Tuesday, October 25, 2016

Murphy: The Eritrean-Ethiopian War (1998-2000)

Sean D. Murphy (George Washington Univ. - Law) has posted The Eritrean-Ethiopian War (1998-2000) (in International Law and the Use of Force: A Case-Based Approach, Olivier Corten & Tom Ruys eds., forthcoming). Here's the abstract:

The Eritrean-Ethiopian War of 1998-2000 was a tragic conflict that resulted in a widespread loss of life, as well as other injury and damage, for these two developing countries in the Horn of Africa. A unique feature of this incident is that the December 2000 Algiers agreement ending the conflict provided for the establishment of an Eritrea-Ethiopia Claims Commission (claims commission), charged with deciding claims for loss, damage or injury resulting from a violation of international law committed by either country. One of Ethiopia’s claims was that Eritrea initiated the armed conflict by an illegal use of force.
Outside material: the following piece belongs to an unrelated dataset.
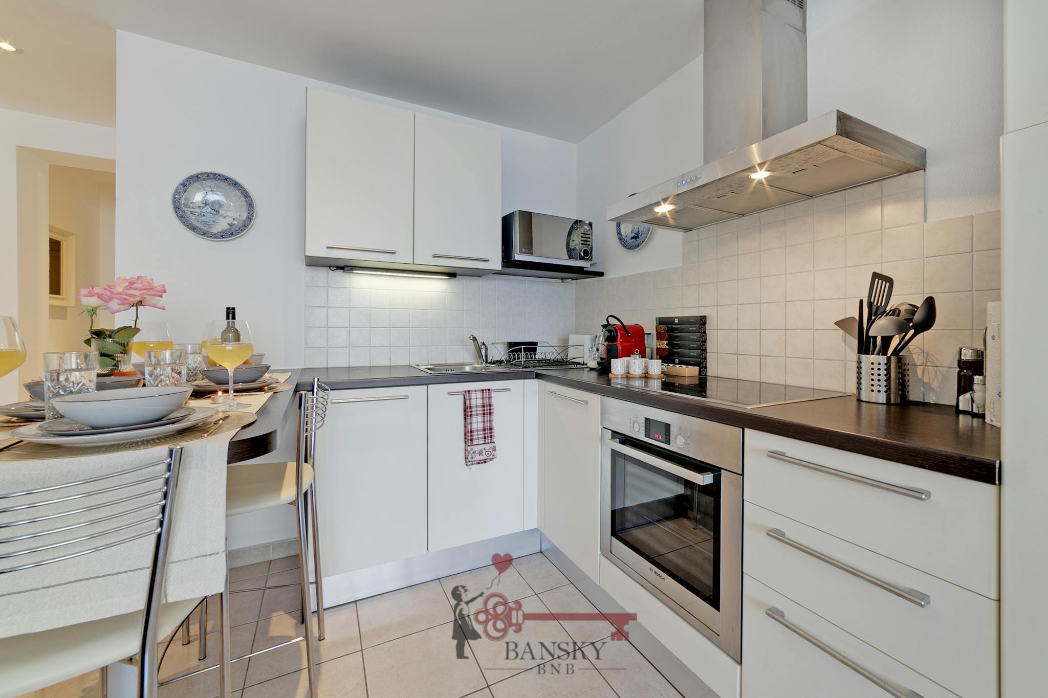 You'll also find a kettle, toaster, microwave, and a Nespresso machine that makes great coffee.

Thus, the facts and legal positions advanced by the two sides were formally litigated before, and decided by, a five-member arbitral commission of arbitrators of third-country nationalities, which concluded that Eritrea’s conduct at the outbreak of the armed conflict constituted a violation of Article 2(4) of the UN Charter.

This chapter in a volume containing a series of case studies argues that the claims commission’s jus ad bellum findings are of considerable precedential value. The commission considered and addressed several important and complicated issues concerning law on the resort to force, self-defense, and reparation. Rarely have such claims been litigated and rarer still have decisions been issued on these matters. There are various aspects of the claims commission’s findings that can be questioned, if not criticized, but given the limited resources and time frame under which the commission operated, the commission performed extremely well.
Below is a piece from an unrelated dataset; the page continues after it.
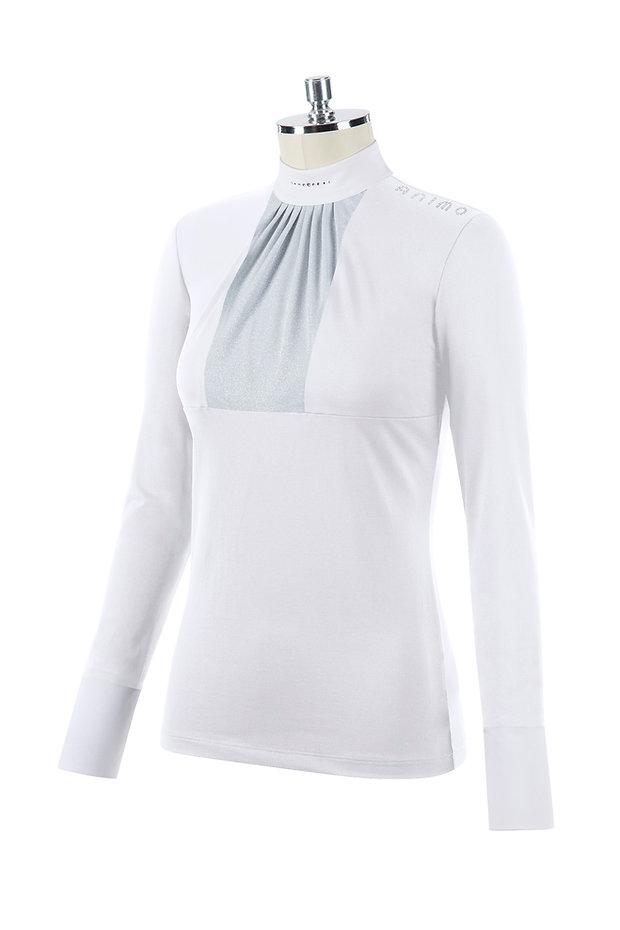 The shirt is made of top quality material, it wicks moisture to the outside and dries quickly, which makes it very comfortable to wear for many hours. The shirt has elegant white cuffs and a white collar additionally decorated with shiny rhinestones. On the shoulder there is the Animo logo lined with rhinestones.

The claims commission concluded that a large-scale, transborder military operation constituted a violation of Article 2(4) of the UN Charter, a finding that confirms conventional jus ad bellum doctrine. Further, the commission made important findings with respect to the law on self-defense, specifically that: (1) a State may not use armed force to seize disputed territory peacefully occupied by another State; (2) a State may not use armed force in response to geographically-limited clashes between patrols along an unmarked and disputed border; and (3) a State may not use armed force solely in reaction to another State’s declaration that it will act in self-defense. Finally, the commission analyzed the conditions under which reparation should be provided for a violation of the jus ad bellum, advancing a proximate cause standard as well as other standards when calculating compensation for various categories of harm.

The most limiting feature of the claims commission’s findings ultimately may be their parsimony; it is not easy to ascertain from the awards the scope and nature of the evidence upon which the commission’s conclusions were based, which in turn may cause difficulties for future tribunals that attempt to rely upon those conclusions with respect to entirely different fact patterns and evidentiary foundations.